The solvent can be injected into the vessel by way of nozzle-type
devices. Nozzle manufacturers are capable of supplying any number
of nozzle types based on the type of spray pattern desired.
The contacting of oil sand with solvent in the contact zone of the
extraction vessel is at a pressure and temperature in which at
least 20 wt % of the injected into the contacting zone or vessel is
in vapor phase during contacting in the contacting zone or vessel.
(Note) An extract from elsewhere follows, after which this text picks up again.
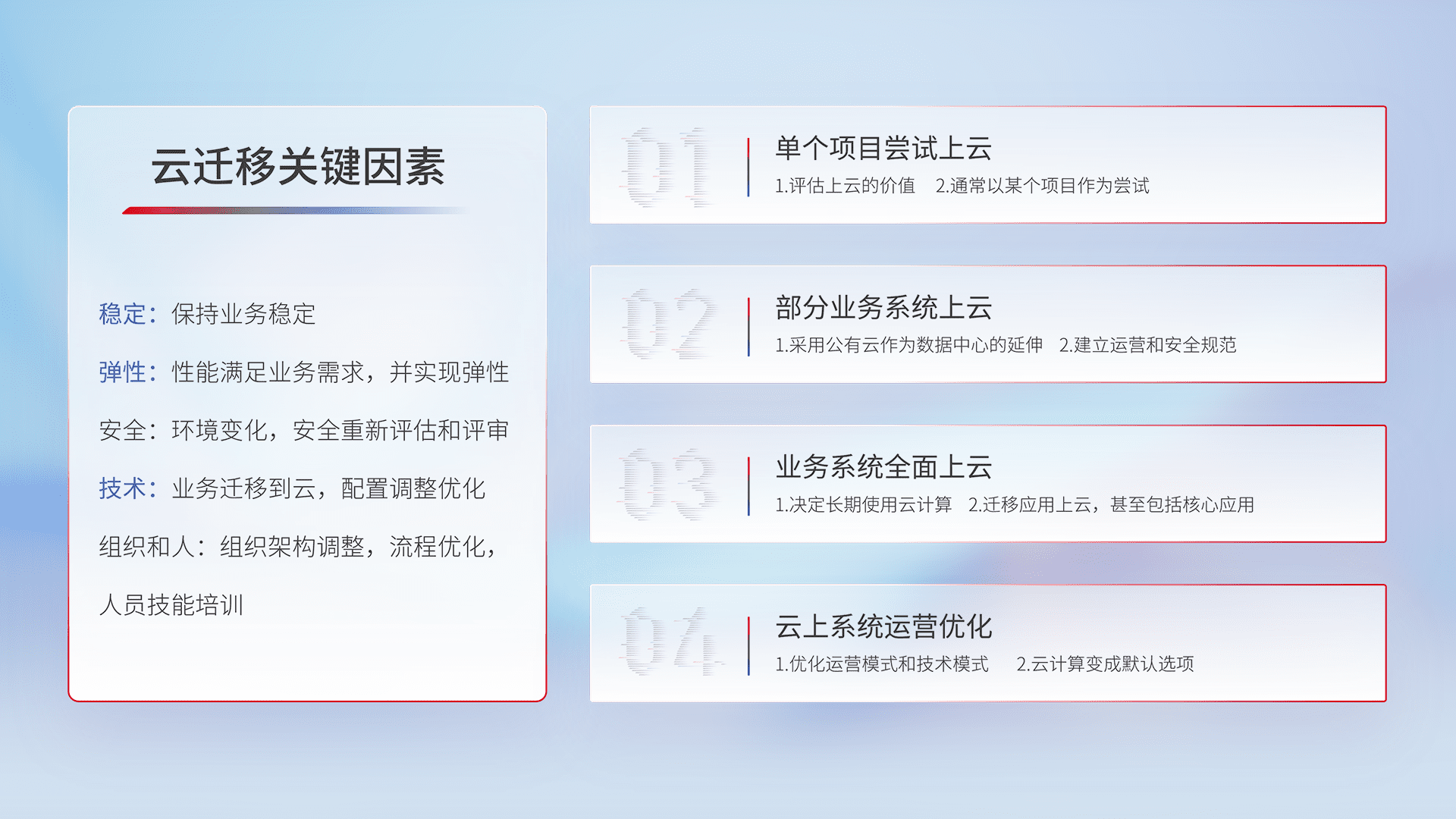 结合实际业务,,,,从规划设计、、、云平台选型、、、云原生改造、、、数据迁移、、、集成交付,,,迁移全过程为客户识别最佳上云路径,,,做好风险识别管理,,设计网络架构、、身份权限、、、安全审计合规、、操作审计、、日志审计、、、监控告警策略、、、多站点容灾设计等,,,,对云上基础设施进行整体规划,,,提升IT治理水平,,,以满足弹性、、、、高可用、、、、高性能的需求。。。。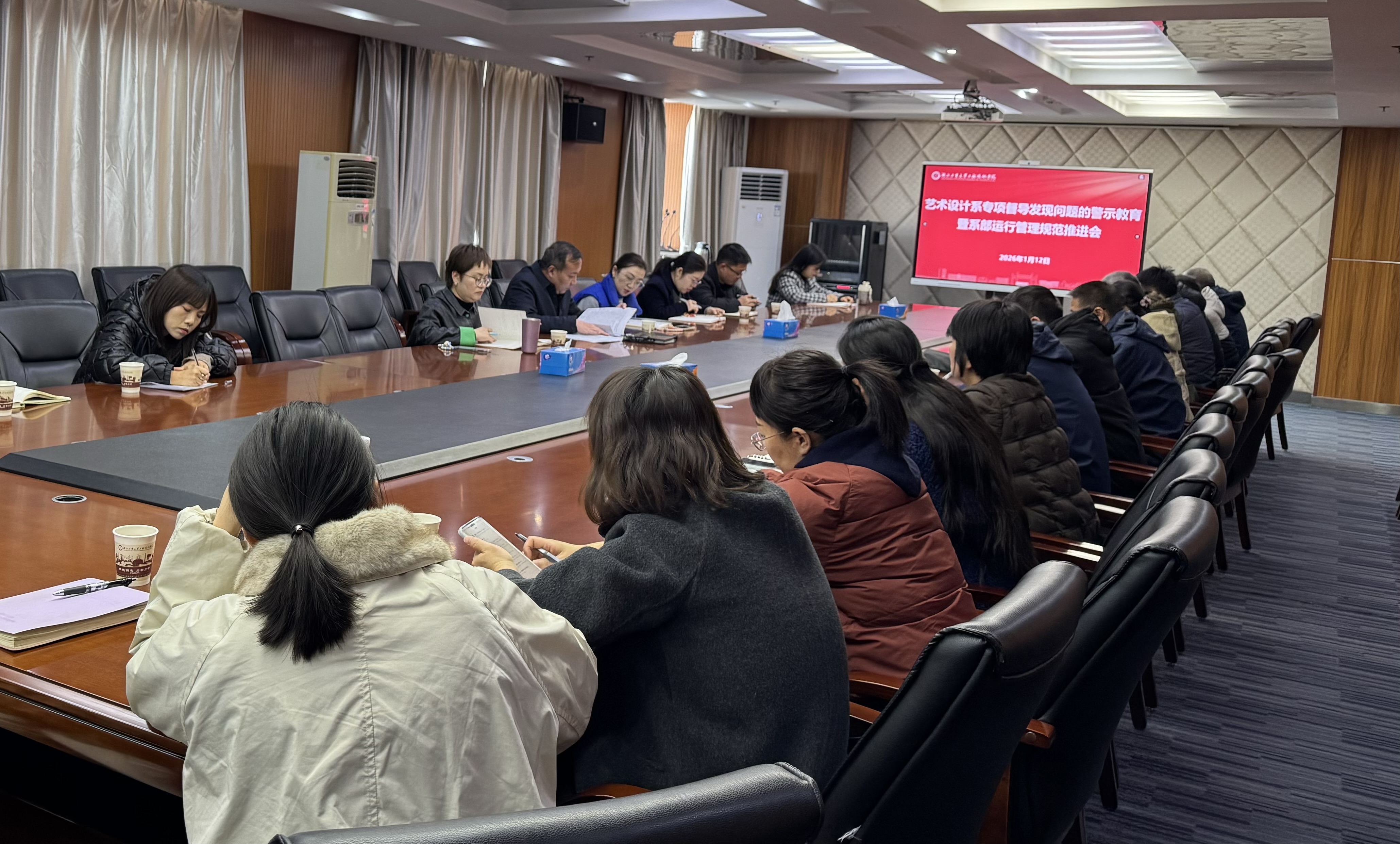 为深化全面从严治党向基层延伸,强化“以身边事教育身边人”的警示教育实效,督促提升系部基层治理能力,1月12日下午,学院召开艺术设计系专项督导发现问题的警示教育暨系部运行管理规范推进会。纪委书记宋建林出席会议并讲话,“一院九系两部”党政主要负责人及专项教育督导组成员参加会议。会议由纪检监察办公室主任阮芳主持。

Preferably, at least 40 wt %, or at least 60 wt % or at least 80 wt
% of the injected solvent is in vapor phase during contacting in
the contacting zone or vessel.
Carrying out the extraction process at the desired conditions using
the desired solvent enables controlling the amount of oil that is
extracted from the oil sand. For example, contacting the oil sand
with the solvent in a vessel's contact zone can produce a crude oil
composition comprised of not greater than 80 wt %, or not greater
than 70 wt %, or not greater than 60 wt %, of the bitumen from the
supplied oil sand. That is, the solvent is comprised of a
hydrocarbon mix or blend that has the desired characteristics such
that the solvent process can remove or extract not greater than 80
wt %, or greater than 70 wt %, or greater than 60 wt %, of the
bitumen from the supplied oil sand. This crude oil composition that
leaves the extraction zone will also include at least a portion of
the solvent. However, a substantial portion of the solvent can be
separated from the crude oil composition to produce a crude oil
product that can be pipelined or further upgraded to make fuel
products. The separated solvent can then be recycled. Since the
extraction process incorporates a relatively light solvent blend,
the solvent portion can be easily recovered, with little if any
external make-up being required.
The crude oil composition that includes at least a portion of the
solvent, as well the crude oil product that is later separated from
the crude oil composition containing solvent, will be reduced in
metals and asphaltenes compared to typical processes. Metals
content can be determined according to ASTM D5708-11 Standard Test
Methods for Determination of Nickel, Vanadium, and Iron in Crude
Oils and Residual Fuels by Inductively Coupled Plasma (ICP) Atomic
Emission Spectrometry. For example, the crude oil composition that
includes at least a portion of the solvent, as well the separated
crude oil product, can have a nickel plus vanadium content of not
greater than 150 wppm, or not greater than 125 wppm, or not greater
than 100 wppm, based on total weight of the composition. As another
example, the crude oil composition that includes at least a portion
of the solvent, as well the separated crude oil product, can have
an asphaltenes content of not greater than 15 wt %, alternatively
not greater than 12 wt %, or not greater than 10 wt %, or not
greater than 5 wt %.
The process is carried out at temperatures and pressures that allow
at least a portion of the solvent to be maintained in the vapor
phase in the contact zone. Since at least a portion of the solvent
is in the vapor phase in the contact zone, higher contact zone
temperatures. For example, the contacting of the oil sand and the
solvent in the contact zone of the extraction vessel can be carried
out at a temperature of at least 35.degree. C., or at least
50.degree. C., or at least 100.degree. C., or at least 150.degree.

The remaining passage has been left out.